The calculated values (e.g. 75% for attX) shall then be assigned as weights to the corresponding attributes.
(The final step would be to select top n attributes with "select by weights" operator.)
The "data to weight" operator sounded good but actually it does nothing else that assigning a weight of "1" to each attribute and there is no way to feed in the determined weight.
Best regards
Sachs
Why not do this via the Generate Attributes operator?
Hi Brian,
Thank you for trying to help! Your post came just a second after my last one, where I tried to give a better description of what the result should be.
The generate attributes operator is indeed what I use to do the comparison on the examples (label n * att1 n >=0). But how to accumulate the results and transform to a weight of the ATTRIBUTE?
Kind regards
A simple Aggregate using the average function should do the trick after that, once you have the values for every example, which will give you one overall value per attribute.
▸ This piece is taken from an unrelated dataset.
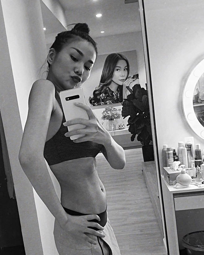 Trên trang cá nhân, siêu mẫu Thanh Hằng đăng ảnh khoe vòng eo với số đo 51. Cô viết: “Không nghĩ khung xương mình nhỏ vậy. Sau 7 ngày ketox (PV: một dạng thực đơn ăn kiêng hạn chế tinh bột và carbs), mình xuống 4 kg, không hiểu mỡ nơi đâu mà có thể xuống nhiều vậy. Eo còn 51 cm”.

Then if you want you can transpose the resulting data to get a table of overall values per attribute (one attribute being each example in the transposed data) which can then be sorted and the top N can be selected.
Perhaps if you can post a small dataset with some examples and your process then it would be easier to try to work this through?
Here is a piece of code that calculates what I want to have as weights. The point where I am struggling now is to use this information in order to filter the original attributes' list.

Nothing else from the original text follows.